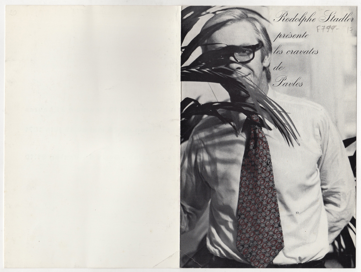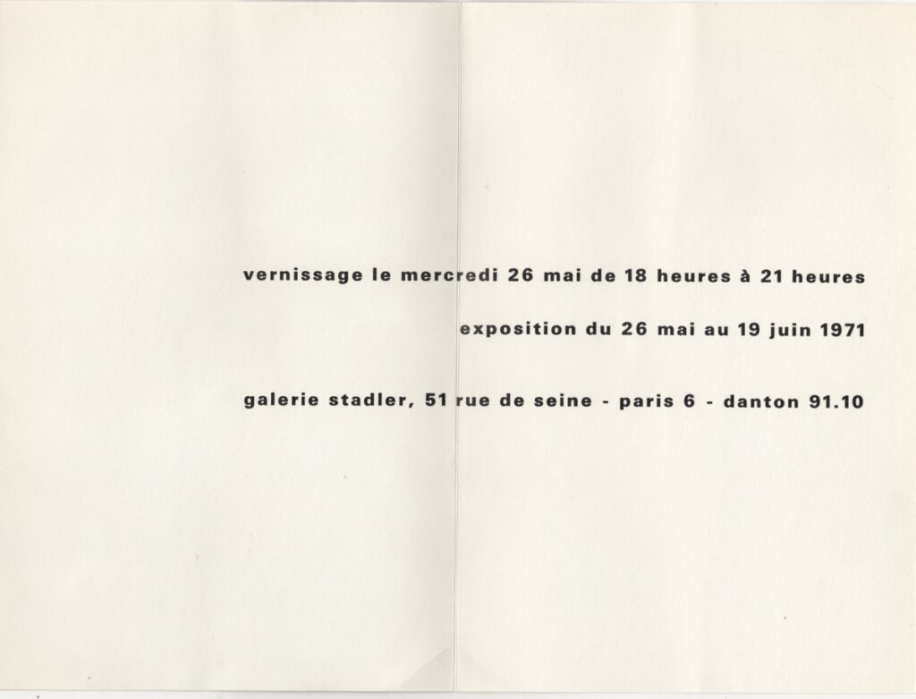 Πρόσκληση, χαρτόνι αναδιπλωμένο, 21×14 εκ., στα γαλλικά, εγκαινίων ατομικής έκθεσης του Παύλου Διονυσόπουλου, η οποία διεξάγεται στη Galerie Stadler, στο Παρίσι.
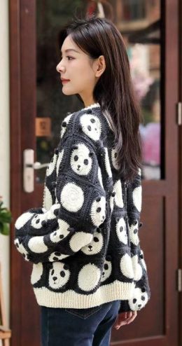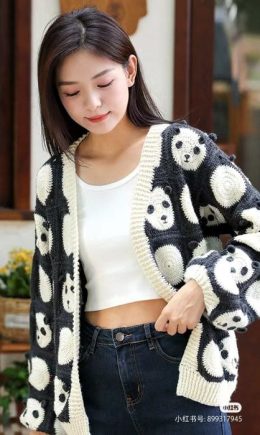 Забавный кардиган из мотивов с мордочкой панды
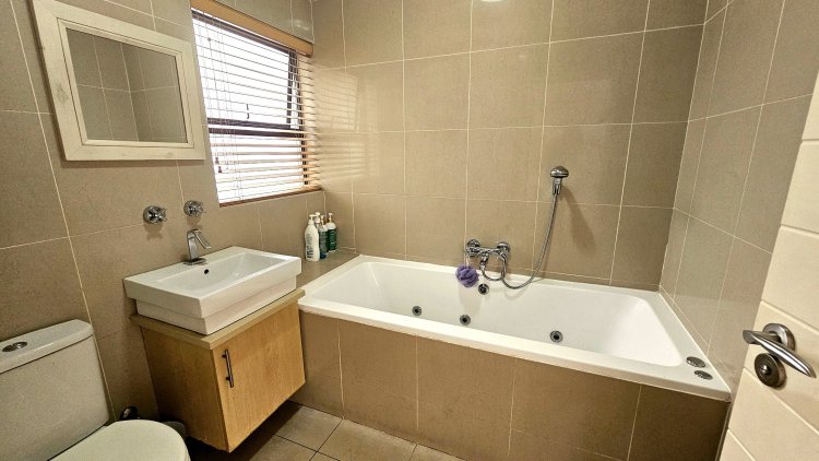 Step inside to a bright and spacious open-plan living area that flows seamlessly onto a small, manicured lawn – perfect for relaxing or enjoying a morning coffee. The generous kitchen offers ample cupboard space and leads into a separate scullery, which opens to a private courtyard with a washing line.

## INSTRUCTIONS FOR THE TASK
Print the listing exactly, but skip its pictures.

## COMPLETED EXERCISE
 Πρόσκληση, χαρτόνι αναδιπλωμένο, 21×14 εκ., στα γαλλικά, εγκαινίων ατομικής έκθεσης του Παύλου Διονυσόπουλου, η οποία διεξάγεται στη Galerie Stadler, στο Παρίσι.
 Забавный кардиган из мотивов с мордочкой панды
 Step inside to a bright and spacious open-plan living area that flows seamlessly onto a small, manicured lawn – perfect for relaxing or enjoying a morning coffee. The generous kitchen offers ample cupboard space and leads into a separate scullery, which opens to a private courtyard with a washing line.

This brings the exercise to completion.